# ABOUT THIS EXERCISE
Give back the exact lines of the material below from the one containing "하루만에 오름세다. 장중 15만3500원까지 오르며 52주 신고가를 경신했다." through the one containing "[ Margin Debt 추이. 자료 참조 : FINRA ]", and no pictures.

# DATA
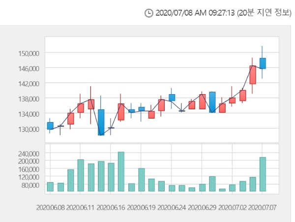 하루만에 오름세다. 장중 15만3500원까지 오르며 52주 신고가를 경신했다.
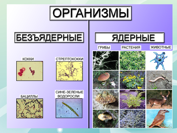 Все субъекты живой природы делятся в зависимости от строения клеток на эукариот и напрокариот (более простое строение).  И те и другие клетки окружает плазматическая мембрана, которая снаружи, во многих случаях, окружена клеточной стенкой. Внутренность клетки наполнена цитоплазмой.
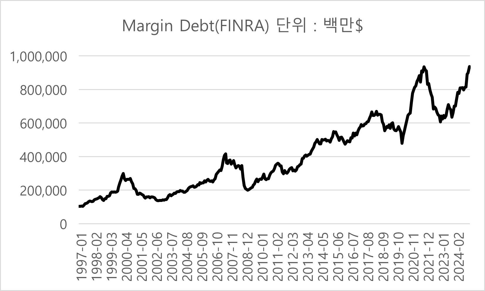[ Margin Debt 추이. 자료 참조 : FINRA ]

==

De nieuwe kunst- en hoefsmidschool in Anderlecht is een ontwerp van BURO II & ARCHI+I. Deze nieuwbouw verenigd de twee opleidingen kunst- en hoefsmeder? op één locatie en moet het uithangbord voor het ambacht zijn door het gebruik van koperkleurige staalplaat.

# RESPONSE TO THE EXERCISE
 하루만에 오름세다. 장중 15만3500원까지 오르며 52주 신고가를 경신했다.
 Все субъекты живой природы делятся в зависимости от строения клеток на эукариот и напрокариот (более простое строение).  И те и другие клетки окружает плазматическая мембрана, которая снаружи, во многих случаях, окружена клеточной стенкой. Внутренность клетки наполнена цитоплазмой.
[ Margin Debt 추이. 자료 참조 : FINRA ]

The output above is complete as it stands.